Saturday, 13 August 2011

Facebook Strategies for Business Firms

How social media marketing strategies can be a  playing field for small firms and career-minded professionals. But will it work for you? Fac...

How social media marketing strategies can be a  playing field for small firms and career-minded professionals. But will it work for you?
Facebook, LinkedIn and Twitter are ushering in a new age of opportunity for business firms and professionals. The technologies and tactics of new social media marketing can provide businesses with never-before-seen avenues for connecting with clients and employees.

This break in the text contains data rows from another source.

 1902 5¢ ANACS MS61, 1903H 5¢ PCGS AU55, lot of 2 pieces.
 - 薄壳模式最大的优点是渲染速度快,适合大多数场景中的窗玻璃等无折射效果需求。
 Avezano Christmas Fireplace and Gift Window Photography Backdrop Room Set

This new media in social networking became a medium for the first growth of new advertising and marketing professional service methods. The enduring message from this is that, despite the wonders of the internet, the basics of marketing and delivering professional services remain unchanged. From Facebook to blogs, YouTube to podcasts, email promotions to digital data-mining it’s all electronic all the time. And, in professional services, it’s all social.

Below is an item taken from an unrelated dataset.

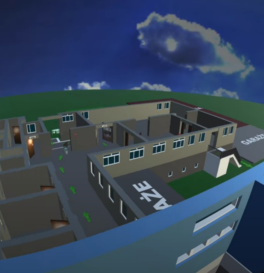 The foundation of the project was the school evacuation plan, designed earlier by the students. Using this as a blueprint, they transformed the map into an immersive 3D space and adapted it to represent idiomatic expressions.
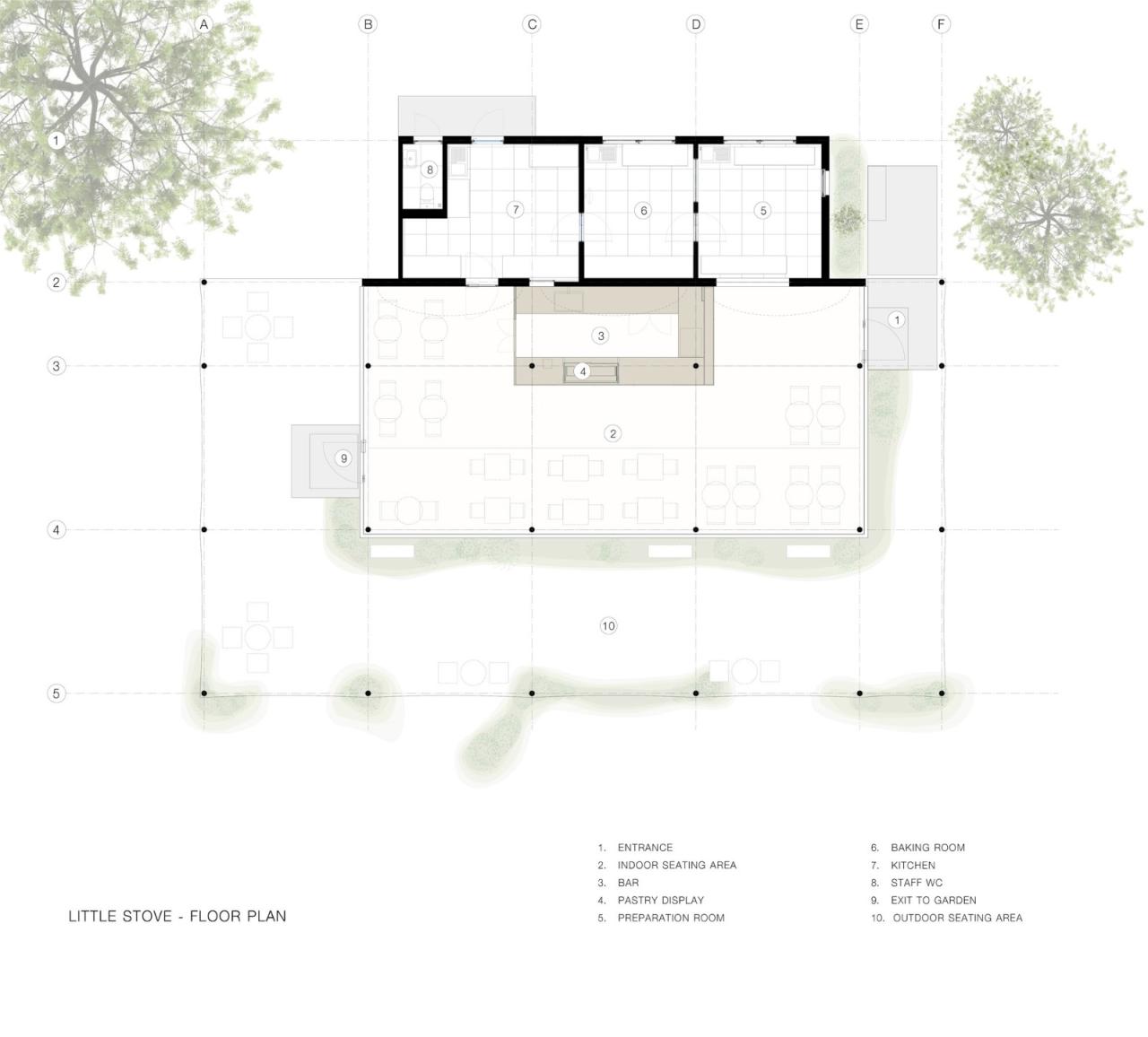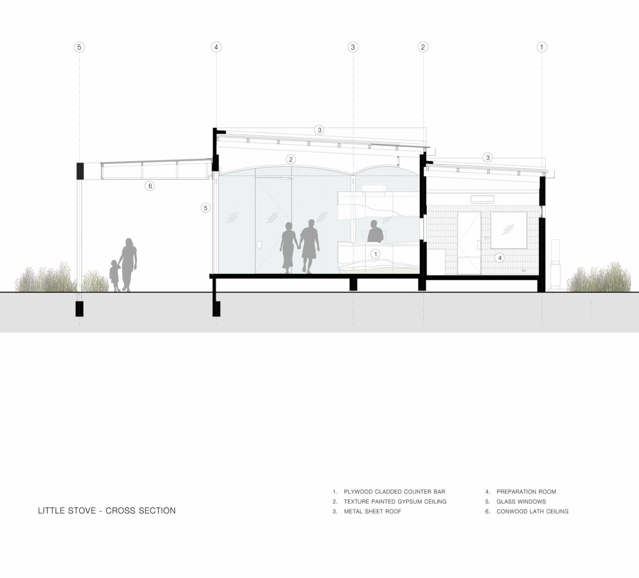 小火炉:咖啡店的曲线提取了伞的抽象轮廓;弯曲的屋顶线从外部遮篷持续延伸到内部天花板。室外座位区环绕着玻璃幕墙的后角。它被放置在一个4米高的大型天蓬下,提供舒适的遮阳,从而鼓励访客使用户外座椅,使游客更接近宽敞的户外花园,俯瞰安静的水道和榕树。

For instance, worries that web sites like Facebook will undermine personal or staff productivity or threaten privacy and security are overblown. They probably said the same thing when the first telephones started appearing in firms. You manage it, like everything else.”

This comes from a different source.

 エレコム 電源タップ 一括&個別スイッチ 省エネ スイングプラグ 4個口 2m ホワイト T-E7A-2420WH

In the same vein, the advent of social media shouldn’t change your fundamental business or marketing strategy. “Social media” is no more a strategy than the Chamber of Commerce is a strategy. It’s just a tool.
But, like many early-stage technologies, the social media phenomenon is helping to level the playing field, giving the smallest businesses and professional practices the same tools, power and reach that have traditionally been deployed by only the largest companies and firms. But making the most of social media is not just about networking; it’s about leverage using messaging in one medium to reinforce messaging in another. For example: A comment from a visitor can be transformed into a client of the business.
Some of the visitors are clients while others may be prospects or becoming clients.
The key, most agree, is to practice a philosophy of generosity and abundance, sharing what you know and a little bit about whom you are and how you think.
It’s really not much different than in the offline world, where you might be mixing at an open bar and explaining the latest tax changes to a new acquaintance. But with social media marketing, you can extend your services exponentially. And many businesses already are. How about you?